The application server performs a session referral (S210) and sends the session referral result to the web server 200 (S220). At this time, in the case where the referral result shows that a session exists with the client terminal 300, the ID 411 is returned to the web server 200 with the referral result, a login process of the client terminal 300 is performed in the web server 200 and a dedicated page is generated according to the ID 411 (S230˜S240).
The generated dedicated page is sent to the client terminal 300 and use of a service via the dedicated page is started in the client terminal 300 (S250).
When the external memory 400 and the client terminal 300 are not connected, a program such as the dedicated browser 421 is terminated and use of the service is ended (S260). An icon for ending of a program may be displayed in the dedicated browser 421 and the program may be ended when a user selects the icon.
Furthermore, in the process described above, a plurality of services can be used using one external memory 400. For example, when the ID 411 is correlated with a portal site and the external memory 400 is connected to the client terminal 300, first, the portal site is displayed in the dedicated browser in step S170. When a desired service is selected on the portal site, the processes from S180 to S240 are performed with respect to the web server 200 providing that service and use of that service is started in S250. In this way, it is possible to deliver a single sign on function to a plurality of services using the system related to one embodiment of the present invention.

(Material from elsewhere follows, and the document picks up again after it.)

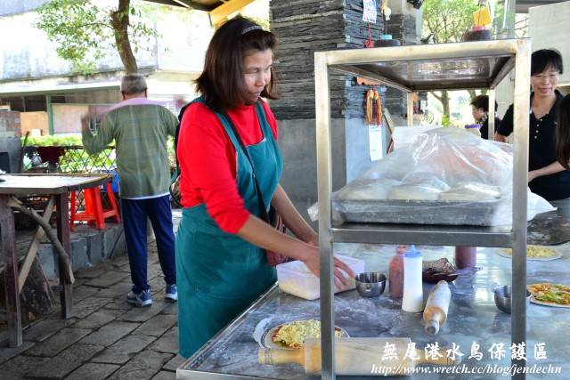 從台北走國道五號,下了蘇澳終點出口,左轉直走一小段路,右轉入台二線往蘇澳方向走,在蘭陽隧道之前,看到「岳明國小」指標後,跟著指標左轉直走,到達港邊社區窯烤披薩前的停車場,將車子停好,準備徒步賞鳥。一停好車,就看到旁邊的柴燒窯烤披薩店正準備開張,這家披薩店只在假日的11點~14點營業,可以自己DIY現做現烤,口感味道還不錯,無尾港附近沒什麼餐廳,我們只帶了幾個麵包,還是先在這裏買個熱騰騰的披薩再上路!

Furthermore, in this case it is preferred that the one-time password 423 described above is used.
FIG. 7 is a diagram showing an example of a screen displayed in step S170 described above.
Referring to FIG. 7, the screen is formed from a menu bar (a) and a desktop launcher (b).
As is shown in FIG. 7, the menu bar (a) may be arranged with a logo of a service provider, a menu button which displays a menu screen in the desktop launcher (b) when clicked, a taskbar area which displays the taskbar in the desktop launcher (b) when an application is started, a network setting button which displays a network setting screen in the desktop launcher (b) when clicked, a volume setting button which displays a volume setting screen in the desktop launcher (b) when clicked, a time display area which displays the time, and an end button which displays a shutdown confirmation screen in the desktop launcher (b) when clicked. The contents of the menu bar (a) is an example and can be changed according to the service provided.
Various displays are displayed in the desktop launcher (b) using an operation in the menu bar (a) described above. For example, an example of the desktop launcher (b) may be formed from a local icon arrangement area in which the same contents are displayed regardless of the service provider, a network icon arrangement area for service providers in which an icon registered by service providers is arranged, and a network icon arrangement area for linked service providers in which an icon registered by linked service providers is arranged. In this way, in the desktop launcher (b) it is possible to display a screen in the client terminal 300 customized according to the service provider without adding any changes to the setting details of the client terminal 300 or external memory 400.
FIG. 8 is an example of a screen displayed in the client terminal 300, for example, a service provider called [Ise CATV] can register a logo to be displayed in a menu bar in the contents database 120, register an icon called [Ise CATV Program Schedule] linked with a web service for providing a service which displays a program schedule or [Ise CATV HomePage] which is linked with the home page of [Ise CATV] and can provide a customized screen to users for using [Ise CATV] as shown in FIG. 8.
In addition, a message registered by a service provider may be displayed in a message display area as is shown in FIG. 9 and a predetermined timing in the desktop launcher (b). For example, the message can be displayed once when the launcher is started.
FIG. 10 is an example of a message displayed in the client terminal 300 and for example, it is possible to attract a user's attention by including information to be notified to a user in this message.
Specific examples of a service using the system related to one embodiment of the present invention are explained below.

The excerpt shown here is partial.